Вот я перезваниваюсь с белорусами, и все говорят: «Ни политика Лукашенко, ни экономика Лукашенко, ни социальные какие-то… и даже не выборы». Большинство людей сейчас уже протестуют в городах, деревнях, потому что они оскорблены действиями силовых структур.

То есть вопрос: эти действия были, потому что силовые структуры идиоты или потому что кто-то в этих силовых структурах провокатор? Вот, собственно говоря, главный вопрос. Хотя при всем при этом могу сказать, что у рабочего класса, который в Беларуси единственный на всем постсоветском пространстве является рабочим классом. Потому что это на самом деле очень большие рабочие коллективы очень мощных заводов, которые объединены пусть государственными профсоюзами, но все равно объединены. И там есть и объективные причины для недовольства большой экономической политикой. В частности, доля государственных предприятий снизилась за несколько лет до 46% в Беларуси.

― Что это значит?

― Это значит, что проходит приватизация, и в этой приватизации не участвуют, как правило, рабочие коллективы. Там постоянно идет ползучее увеличение рабочего возраста — то, против чего коммунисты протестуют в Российской Федерации. В Беларуси увеличивается пенсионный возраст. Я понимаю, почему это делается — потому что социальные издержки, которые государство несет на себе, то есть поддержка семьям, поддержка людям, бесплатное образование, бесплатная медицина — всё это огромные социальные издержки. А бюджет Беларуси, он дефицитный. Кто-то говорит о 39 миллиардах внешнего долга, на фоне которого проходит этот кризис.

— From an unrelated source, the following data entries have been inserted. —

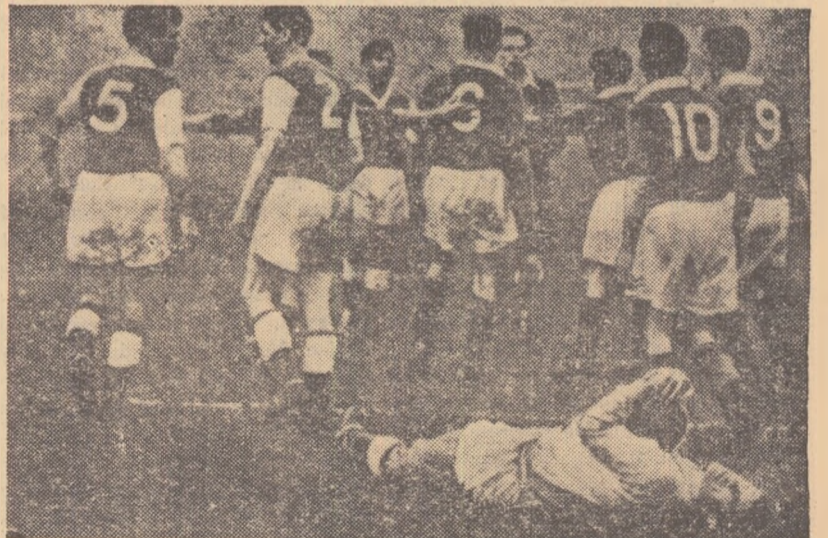
Scenă obișnuită în fotbalul britanic... Un atac al lui Glasgow Rangers la poarta echipei Hibernians... Portarul a rămas întins la pămînt, leșinat. După cum se vede, însă, din fotografie, jucătorii ambelor echipe nu fac prea mare caz de incidentul produs și se reîntorc liniștiți la posturile lor.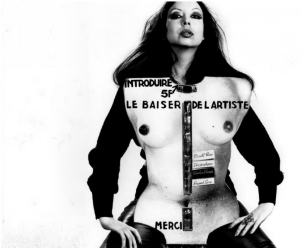
Le Baiser de l'artiste, ORLAN, 1977 © Adagp, Paris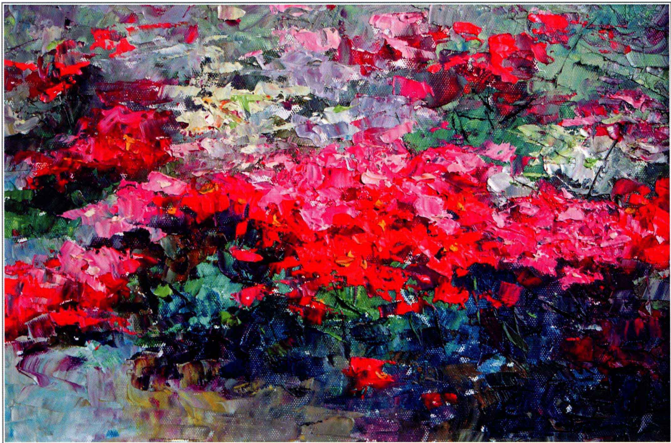
沐 20cm × 30cm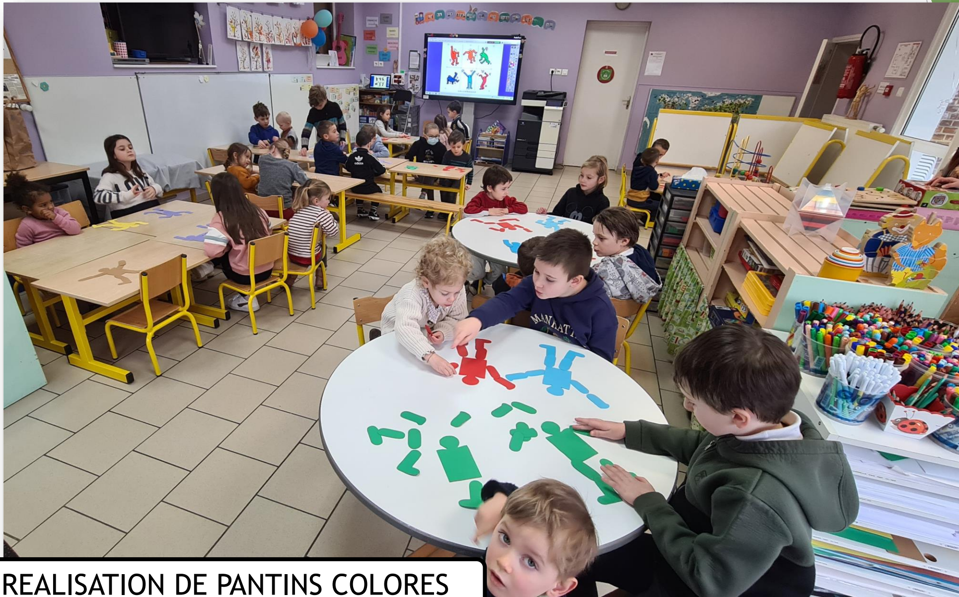
REALISATION DE PANTINS COLORES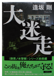
『大迷走』 著者: 逢坂剛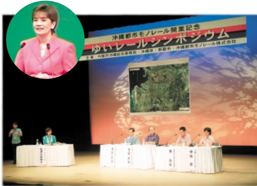
円内は基調講演のマリ・クリスティエヌさん

7月5日、モノレール開業を記念したシンポジウムが、「ゆいレールへの期待」をテーマに、那覇市のパレット市民劇場で開催された。異文化コミュニケーションのマリ・クリスティエヌさんが「モノレール駅を中心に発展する夢の街づくり」と題し講演。引き続き行われたパネルディスカッションでは、4人のパネリストたちが、屋上緑化や駅周辺活性化への取り組み、観光への明るい展望など、それぞれの立場から提言や意見を出し合った。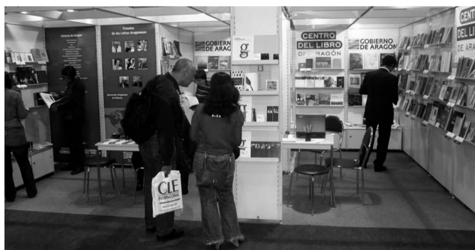
Stand del Gobierno de Aragón (Centro del Libro de Aragón) en la Feria Internacional del Libro de Frankfurt (Frankfurt Book Fair) en el año 2008.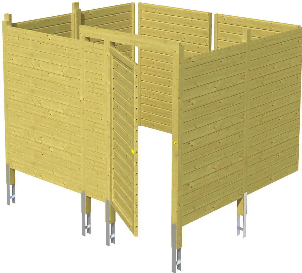
Produktbild Abstellraum C8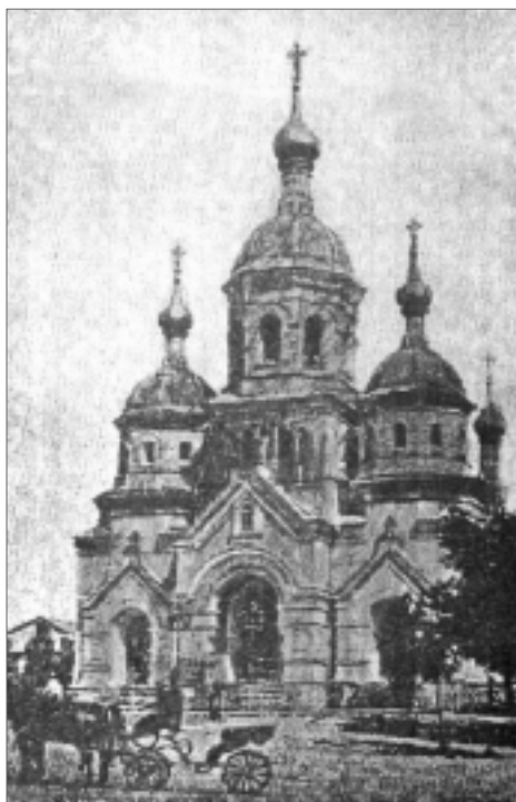
Дореволюционная Умань. Военный православный собор. В советское время в нем был устроен кинотеатр имени Черняховского.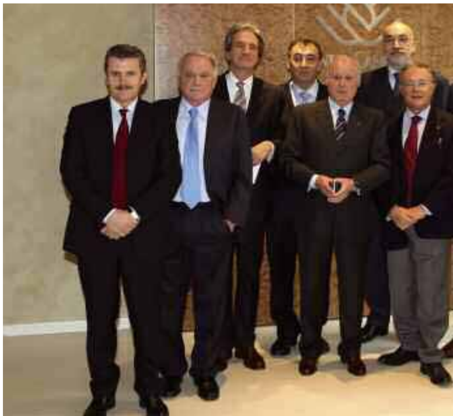
Foto di gruppo dei presidenti camerali dell'Emilia-Romagna alla firma dell'Accordo Quadro

Nove le linee di intervento in cui è articolata l'intesa, di durata triennale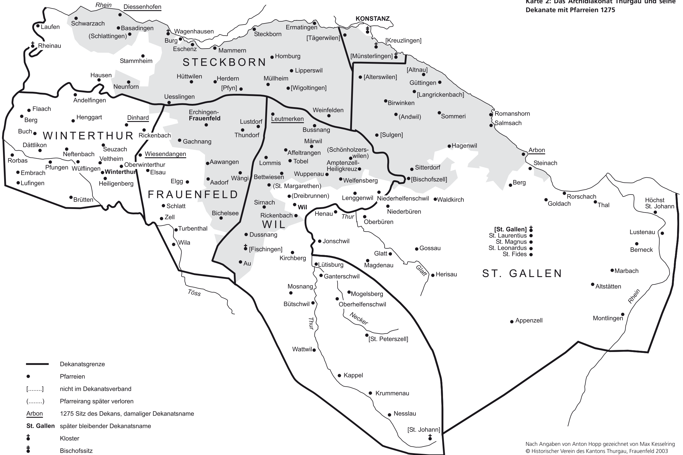
Karte 2: Das Archidiakonat Thurgau und seine Dekanate mit Pfarreien 1275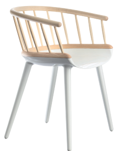
Stick Frame: Glossy White 1736 C Back: Natural solid Ash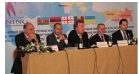
Друга щорічна конференція країн Чорноморського регіону з питань інструменту Твіннінг (25 вересня 2008 року)

Окрім виконання вимог, викладених в двосторонніх угодах ЄС з країнами-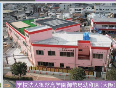
学校法人御幣島学園御幣島幼稚園(大阪)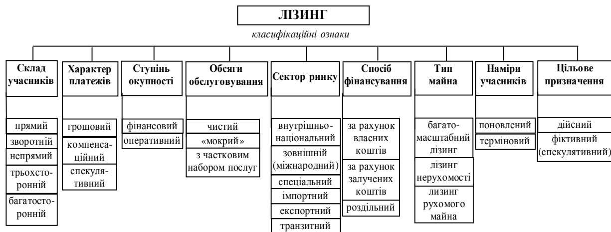
Рис. 4 Класифікація видів лізингу

Світова практика виробила численні варіанти лізингових угод, однак дотепер не здійснено їх чіткої структуризації та не створено систематизації видів лізингу. На рис. 4 авторами запропонована класифікація видів лізингу залежно від ознак, які приймаються до уваги.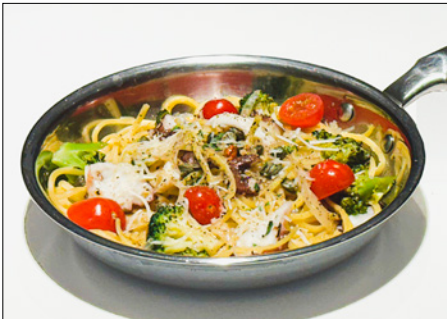
octopus anchovy oil pasta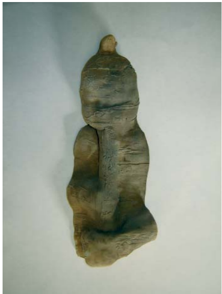
o. T., Terracotta, 38 x 14 cm, 2007

Плюс еще очень серьезный момент. Сейчас в августе произошло несколько событий, в частности, важнейшее событие — пуск атомной электростанции, которая в Беларуси строилась при поддержке «Росатома» на российский кредит. Мы об этом сейчас не говорим. На фоне этих событий мы даже не обсуждаем. А я считаю, что этот пуск — по-моему, Островецкая называется атомная электростанция, она находятся рядом с Литвой, — означает, что закупки российского газа сокращаются на 40%. Беларусь может стать — я не знаю, как будет после этой дестабилизации, этих событий — одним из крупнейших производителей электроэнергии вообще в Восточной Европе: зоне Балтии, Польше и так далее. Против этой атомной электростанции резко возражает Литва.

― Потому что это около их границы. Конечно, это не очень приятно. Все прекрасно помнят Чернобыль. Такое соседство сомнительное.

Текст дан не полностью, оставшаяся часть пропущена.